D.I.R.T. studio challenges restrictive policies, conventional remediation practices and redevelopment pressures that plague Superfund sites and Brownfields. Critical site-seeing is a means to reveal multiple site histories, giving legible form to complex processes, offering renewed relationships for communities in tired and toxic surroundings. D.I.R.T. projects have included the revitalization of manufacturing operations (Ford River Rouge Plant, US Steel South Works, Philadelphia Navy Yard), old rail yards (Menomonee River Valley, Evanston Round House Park) and urban infrastructure (Hudson Yards and the High Line).

At the University of Virginia, Bargmann leads multidisciplinary design studios where students encounter real places in real time. Addressing degraded landscapes and marginalized communities, students are challenged to assume a proactive role as design citizens. With her coursework in regenerative technologies, Bargmann charges students to deploy ecological technologies to revitalize urban and industrialized neighborhoods.

Examples of design studios engaging communities include BOOM, working with Hagerstown City Planning and the Central Chemical Citizens Task Force to demonstrate how they could take charge of the remediation and redevelopment of a Superfund site; MUCK, supporting the efforts of the nonprofit Elizabeth River Project to involve neighborhoods and schools in the regeneration of their polluted watershed; and WATTS UP, pairing students with community leaders and residents to leverage the restoration of a polluted stream as integral with the revitalization of their east Washington, D.C. neighborhoods.

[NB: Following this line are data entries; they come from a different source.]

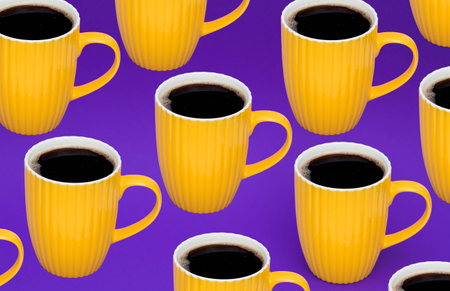 A cup of coffee, a yellow camera and a cassette with a magnetic tape on a purple background. Color trend. Stylish accessories. Flat lay.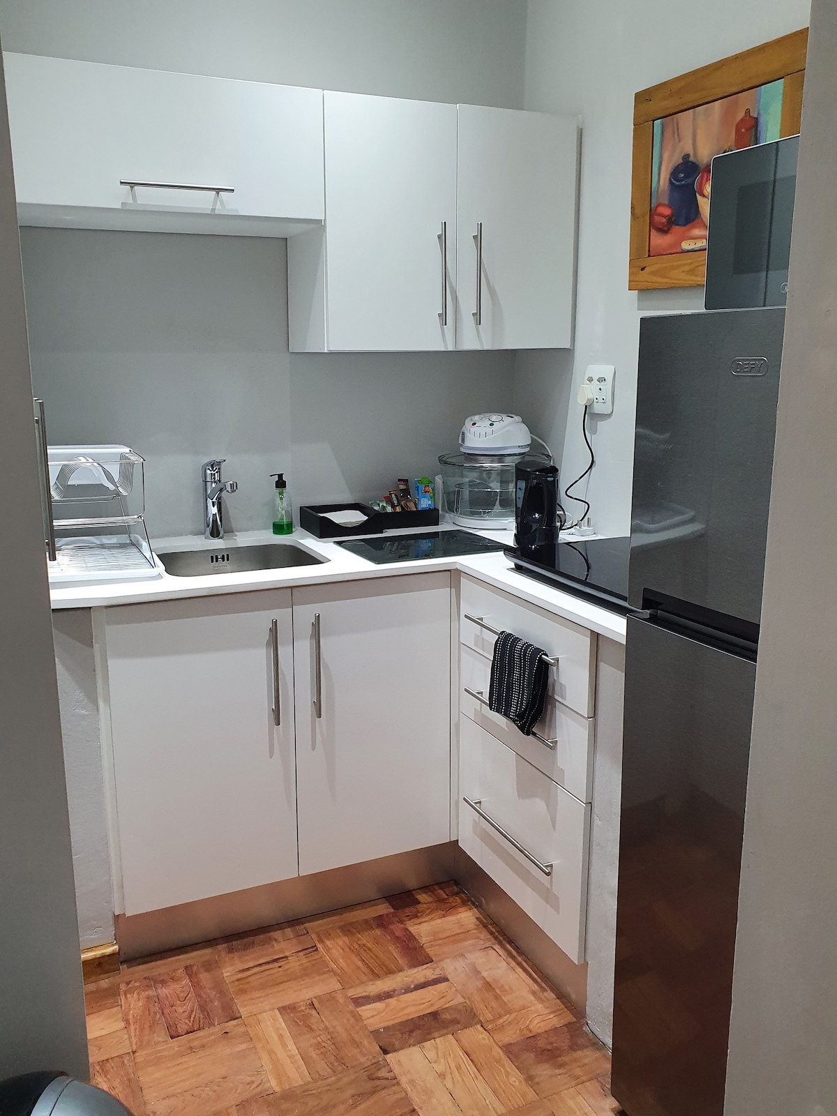 El Garden Place se encuentra en Summerstrand, en Port Elizabeth. Se encuentra a cinco minutos en coche del aeropuerto, la universidad, la playa y las instalaciones deportivas. Este moderno apartamento con jardín y cocina americana tiene capacidad para dos personas y cuenta con salón, cocina totalmente equipada con fogones, nevera/congelador, tostadora, hervidor de agua y una pequeña mesa de desayuno que conduce a un patio privado. La unidad tiene energía solar, agua de pozo de respaldo y wifi gratuito. Hay aparcamiento en las inmediaciones del apartamento.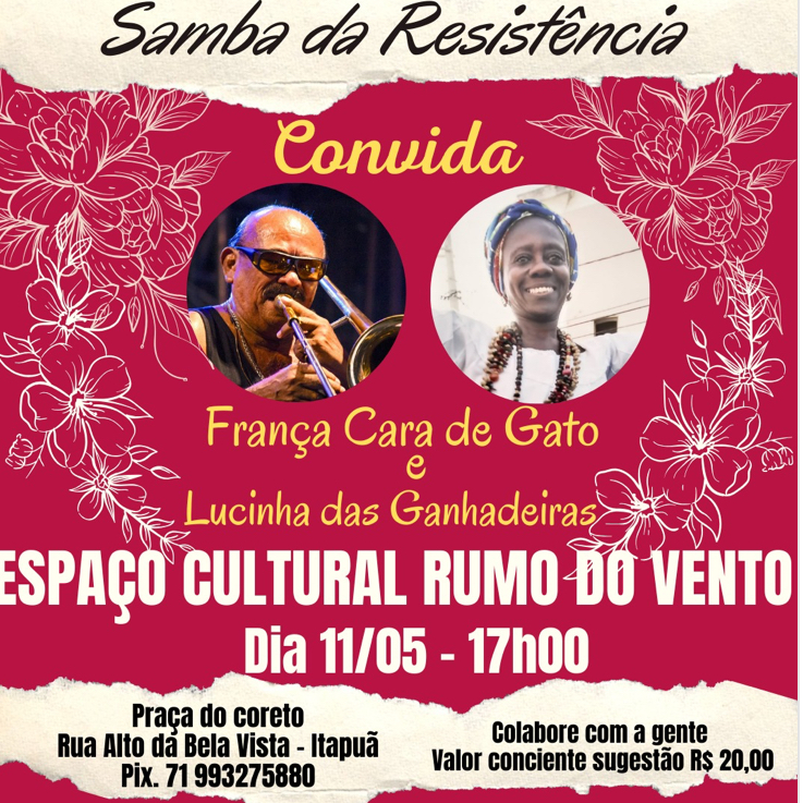 O Samba da Resistência do mês de maio traz atrações muito especiais no Espaço Cultural Rumo do Vento, no próximo dia 11 de maio, sábado, a partir das 17hs. Lucinha das Ganhadeiras de Itapuã, cantora que encanta as apresentações das Ganhadeiras de Itapuã com sua voz ancestral, e do excelente trombonista, compositor e arranjador França Cara de Gato que já atuou no Rio de Janeiro ao lado de nomes como Alcione, Emílio Santiago e Roberto Carlos e na Bahia com as bandas Araketu, Chiclete com Banana, Luiz Caldas, Edson Gomes entre outros. Eles serão nossos convidados de honra e darão um molho especial ao Samba da Resistência, sempre muito democrático e acolhedor na comunidade de Itapuã. O evento é gratuito, mas é pedido a colaboração consciente para a manutenção do projeto. Valor sugerido 20 reais.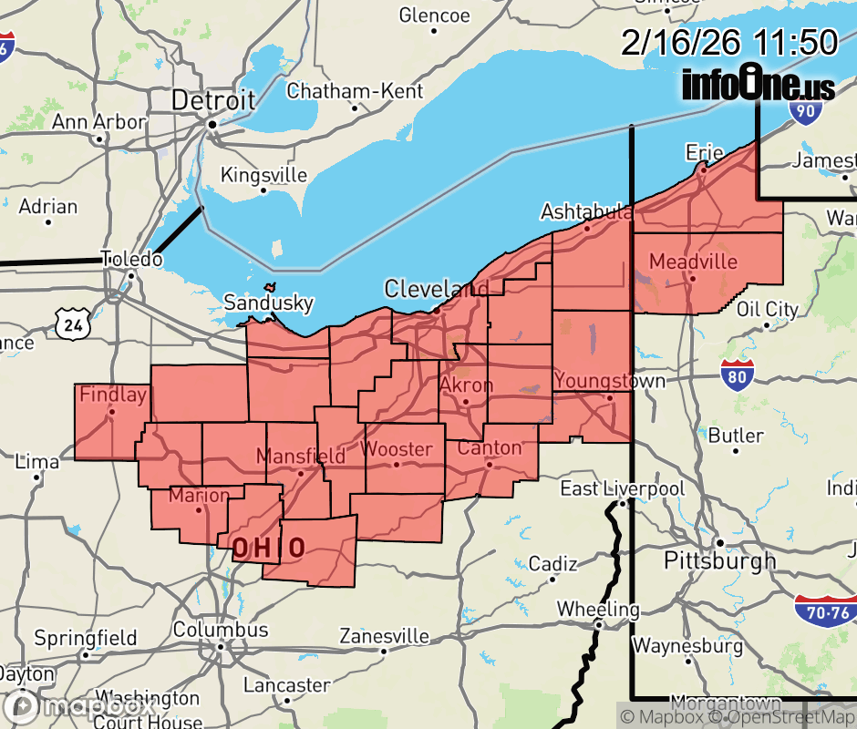 Canceled 2/16/26 12:00 PM Dense Fog Advisory issued February 16 at 11:49AM EST until February 16 at 12:00PM EST by NWS Cleveland OH Visibilities continue to improve across the area this morning, allowing for the Dense Fog Advisory to expire. There is still a chance of patchy dense fog, especially along a line extending from Marion Ohio northeast toward Meadville Pennsylvania, into early this afternoon. ![]() |

Along with a degree in sculpture from Carnegie-Mellon University, Bargmann earned a master’s in landscape architecture at Harvard Graduate School of Design. She built award-winning landscapes with Michael Van Valkenburgh Associates and tracked Etruscans as a Fellow at the American Academy in Rome. Bargmann’s work was awarded the 2001 National Design Award by Smithsonian’s Cooper-Hewitt Museum. TIME magazine and CNN, along with national and international design publications, have recognized Bargmann as leading the next generation in making a difference for design and the environment.

W. Michael Scheld M.D.
Professor of Internal Medicine, Infectious Disease
W. Michael Scheld is the Bayer-Gerald L. Mandell Professor of Internal Medicine at the University of Virginia and past president of the Infectious Diseases Society of America. In addition, he is the co-director of the training program at the Academic Alliance for AIDS Care and Prevention in Africa.

Scheld is a 1973 graduate of Cornell University Medical College and completed his internship, residency, and fellowship in infectious diseases at the University of Virginia School of Medicine.

Scheld’s research interests include molecular mechanisms of bacterial pathogenesis, sepsis and septic shock, adenosine receptors, inflammation, innate immunity, anthrax, antimicrobial resistance, appropriate use of antimicrobial agents, HIV/AIDS, and vaccines.

Scheld is the author of more than 380 publications and is editor of the textbook Infections of the Central Nervous System, now in its third edition. He is also section editor for infectious diseases for The Cecil Textbook of Medicine.